Но тон выдавал его с головой: смеялись. Нашел себе, дескать, пассию не где-нибудь, а в психбольнице. Хотя, конечно, признавали, что девчонка необычная и стихи интересные, можно увидеться даже, но не до такой же степени!..

— Не умеешь ты, Вовка, врать! — с горечью констатировала Лена….

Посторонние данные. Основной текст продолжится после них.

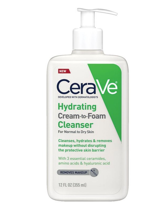 CeraVe Hydrating Cream-to-Foam Cleanser, developed with dermatologists, begins as a cream before transforming to a soft foam when you begin to lather it on the skin with water, and effectively removes dirt and makeup without stripping the skin’s natural moisture or leaving it feeling tight and dry.

…А несколько дней спустя в палату вошли вдруг несколько незнакомых людей в белых халатах, судя по всему птицы высокого полета: не случайно среди них так подобострастно вертелись Ликуева с главврачом.

— Вот эта больная! — остановившись около Лены, пропела Ликуня, заглядывая в глаза высокому, плечистому мужчине с властными манерами привыкшего распоряжаться.

— Эта?.. Оставьте нас ненадолго вдвоем, я хочу с ней поговорить! — скомандовал он, и вся свита тут же отошла на почтительное расстояние.

— Ну, голубушка, — обратился неизвестный гость к Лене, пытаясь разговаривать, насколько возможно, добродушно и мягко. — Расскажи-ка ты мне, давно ли вы с Володькой знакомы?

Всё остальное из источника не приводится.